%%
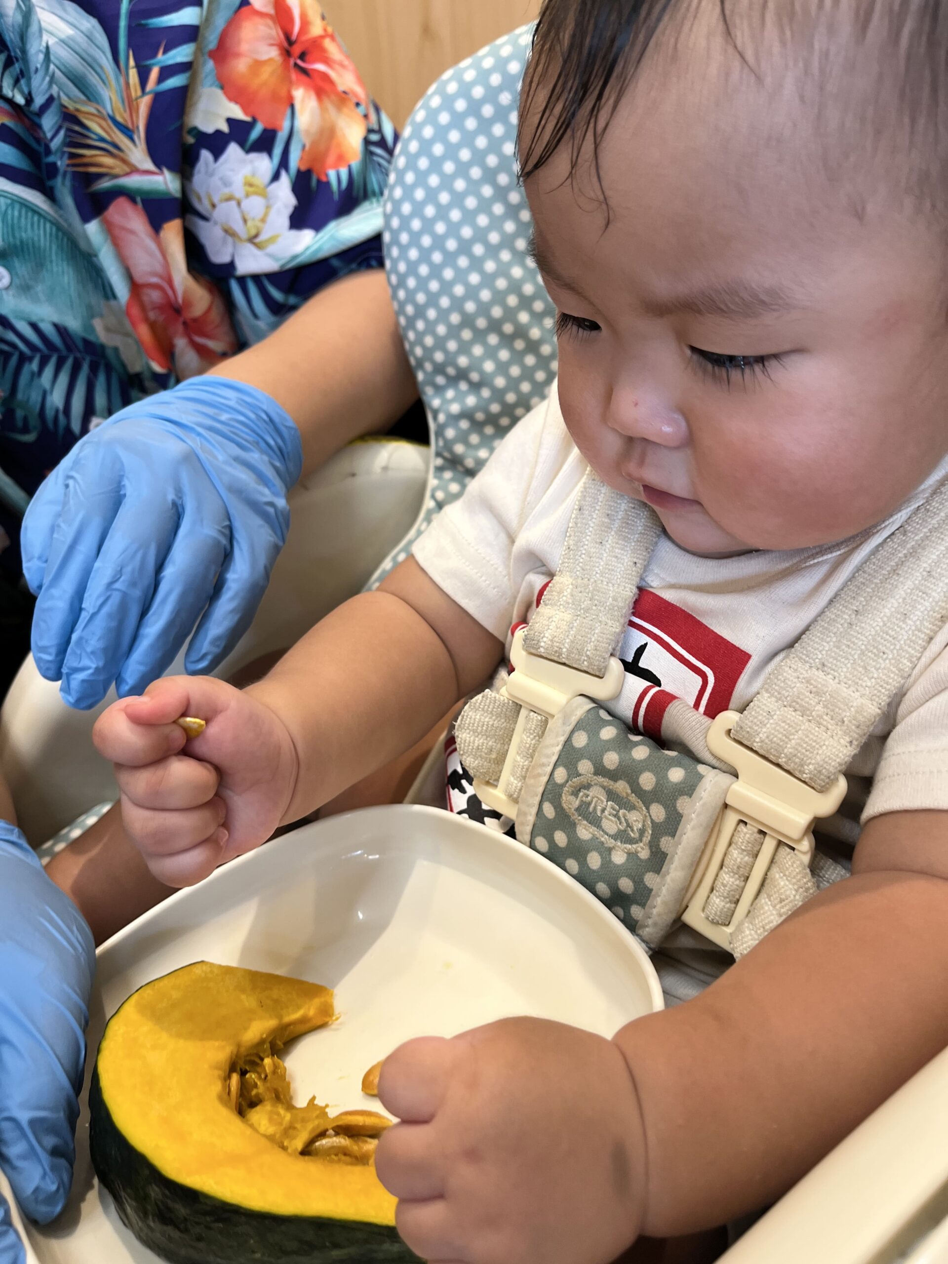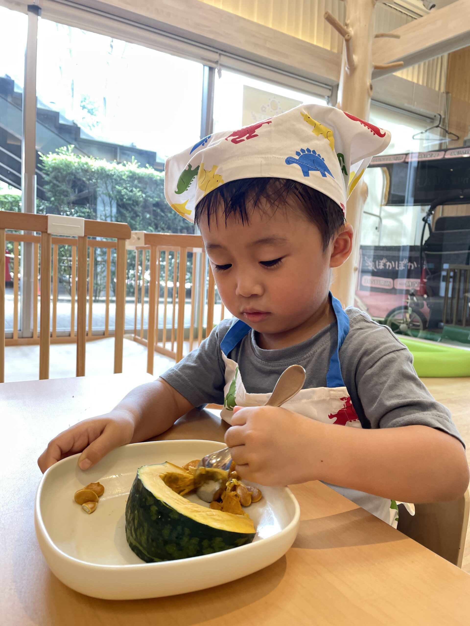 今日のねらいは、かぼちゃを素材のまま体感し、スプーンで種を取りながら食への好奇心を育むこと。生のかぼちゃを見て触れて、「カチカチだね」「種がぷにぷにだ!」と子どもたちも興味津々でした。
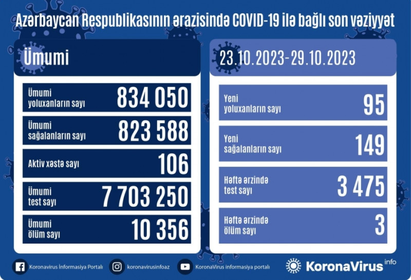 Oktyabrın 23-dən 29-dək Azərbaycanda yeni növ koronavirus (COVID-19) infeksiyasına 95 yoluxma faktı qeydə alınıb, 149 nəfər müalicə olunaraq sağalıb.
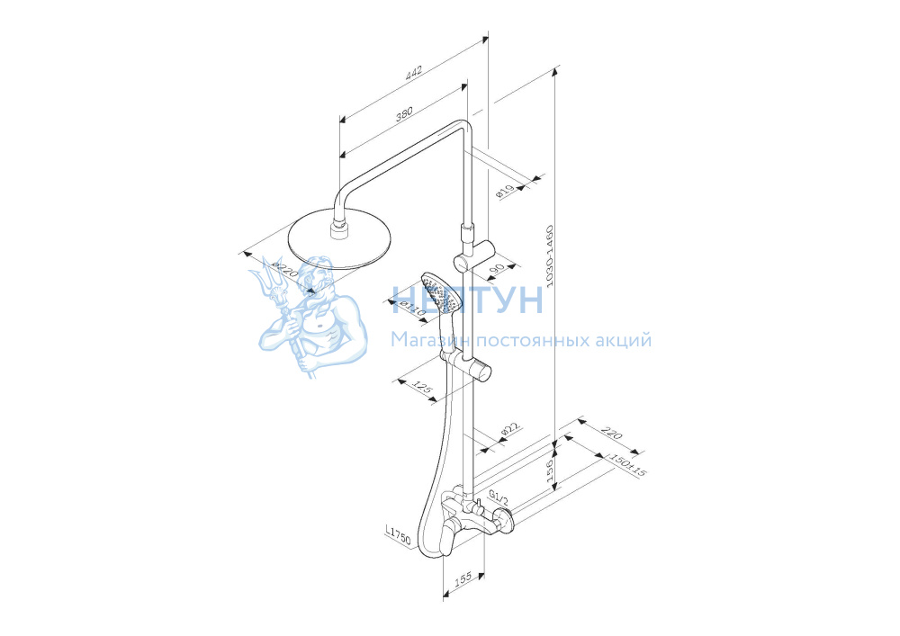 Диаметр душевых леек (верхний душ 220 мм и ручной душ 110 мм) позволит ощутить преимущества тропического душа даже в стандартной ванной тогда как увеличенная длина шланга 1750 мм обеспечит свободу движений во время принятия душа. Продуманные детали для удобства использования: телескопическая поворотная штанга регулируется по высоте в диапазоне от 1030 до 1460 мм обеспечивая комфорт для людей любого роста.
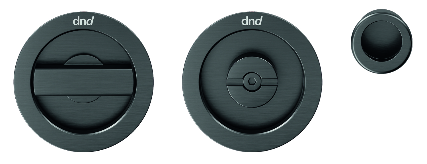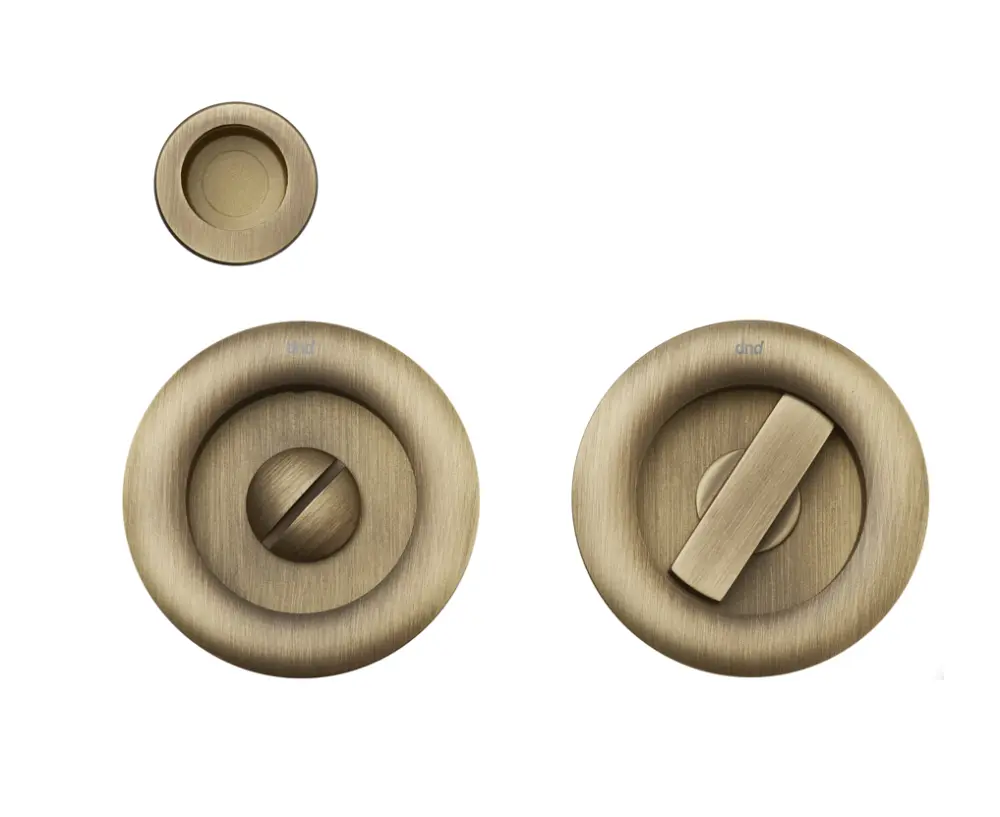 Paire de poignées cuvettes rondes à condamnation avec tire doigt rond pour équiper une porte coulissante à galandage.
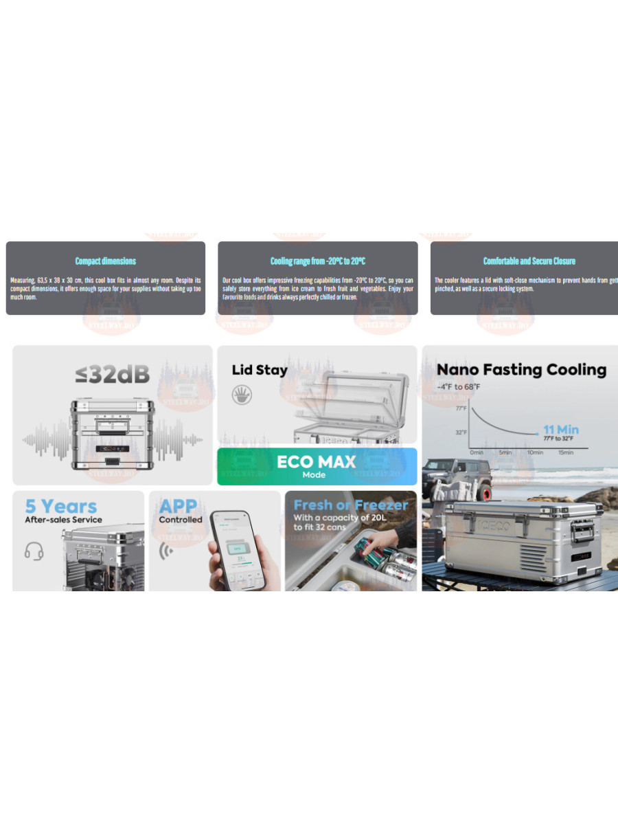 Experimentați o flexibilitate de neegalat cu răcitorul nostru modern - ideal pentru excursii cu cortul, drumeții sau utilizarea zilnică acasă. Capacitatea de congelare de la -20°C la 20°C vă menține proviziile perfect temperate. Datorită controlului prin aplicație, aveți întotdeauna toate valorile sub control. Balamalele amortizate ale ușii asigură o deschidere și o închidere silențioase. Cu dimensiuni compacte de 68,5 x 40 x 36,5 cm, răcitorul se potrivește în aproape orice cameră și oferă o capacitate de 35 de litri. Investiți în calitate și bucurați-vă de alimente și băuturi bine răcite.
%%
%%
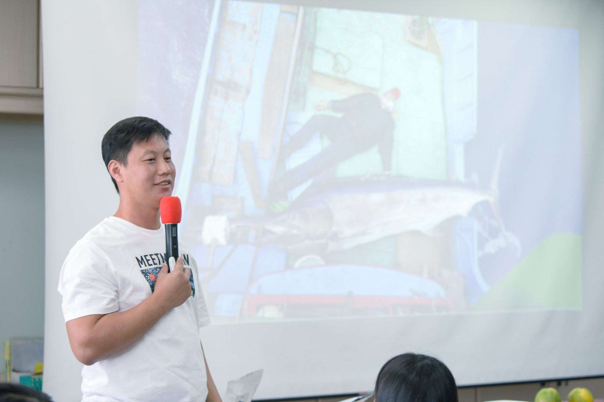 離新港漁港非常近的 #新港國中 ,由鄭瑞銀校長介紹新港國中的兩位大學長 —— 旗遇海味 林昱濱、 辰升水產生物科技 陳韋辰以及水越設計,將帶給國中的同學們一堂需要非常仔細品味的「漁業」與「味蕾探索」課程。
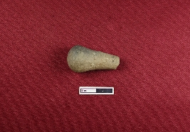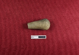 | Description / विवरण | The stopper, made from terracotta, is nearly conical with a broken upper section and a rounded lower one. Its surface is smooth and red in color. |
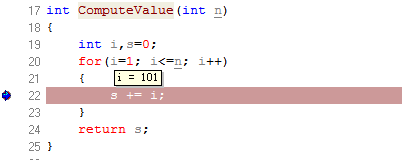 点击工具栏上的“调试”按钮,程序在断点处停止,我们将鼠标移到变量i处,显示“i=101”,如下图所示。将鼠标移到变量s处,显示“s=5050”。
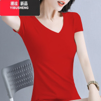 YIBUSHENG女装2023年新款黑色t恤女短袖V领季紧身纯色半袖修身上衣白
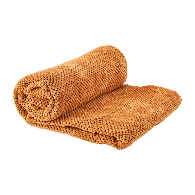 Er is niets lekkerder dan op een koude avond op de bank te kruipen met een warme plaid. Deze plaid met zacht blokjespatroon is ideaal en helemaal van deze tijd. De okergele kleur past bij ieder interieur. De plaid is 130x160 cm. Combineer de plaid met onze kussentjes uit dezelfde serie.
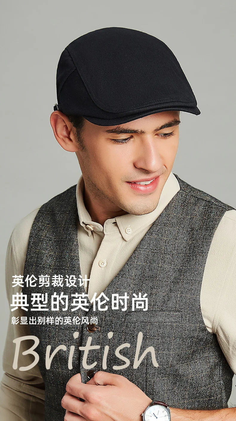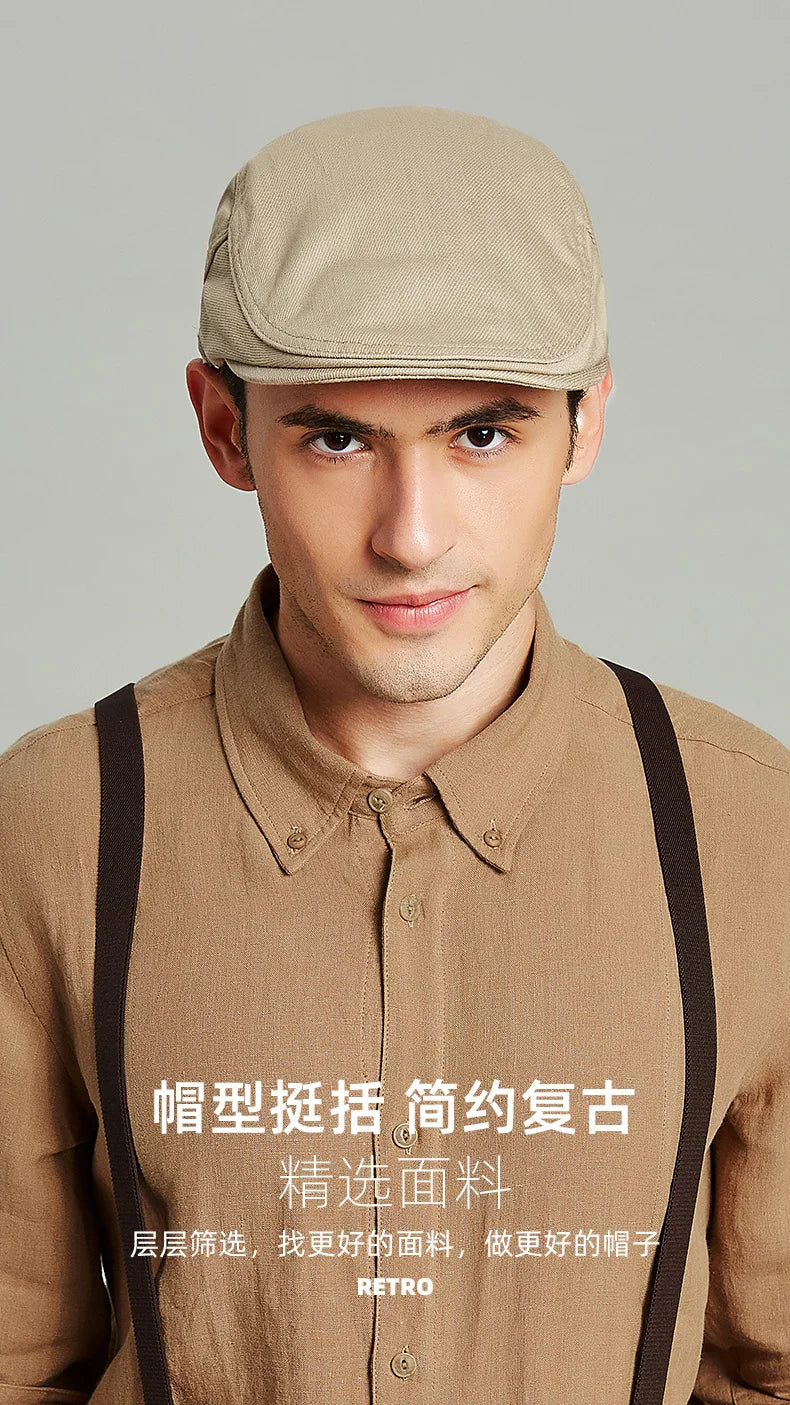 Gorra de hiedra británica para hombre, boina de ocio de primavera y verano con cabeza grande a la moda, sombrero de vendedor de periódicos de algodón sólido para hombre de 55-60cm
%%
→ Work task
Only one part of the material above is wanted: the lines from the one with "Er is niets" up to and including the one with "Gorra de hiedra". Please copy them exactly, pictures left out.

→ Answer to this task
 Er is niets lekkerder dan op een koude avond op de bank te kruipen met een warme plaid. Deze plaid met zacht blokjespatroon is ideaal en helemaal van deze tijd. De okergele kleur past bij ieder interieur. De plaid is 130x160 cm. Combineer de plaid met onze kussentjes uit dezelfde serie.
 Gorra de hiedra británica para hombre, boina de ocio de primavera y verano con cabeza grande a la moda, sombrero de vendedor de periódicos de algodón sólido para hombre de 55-60cm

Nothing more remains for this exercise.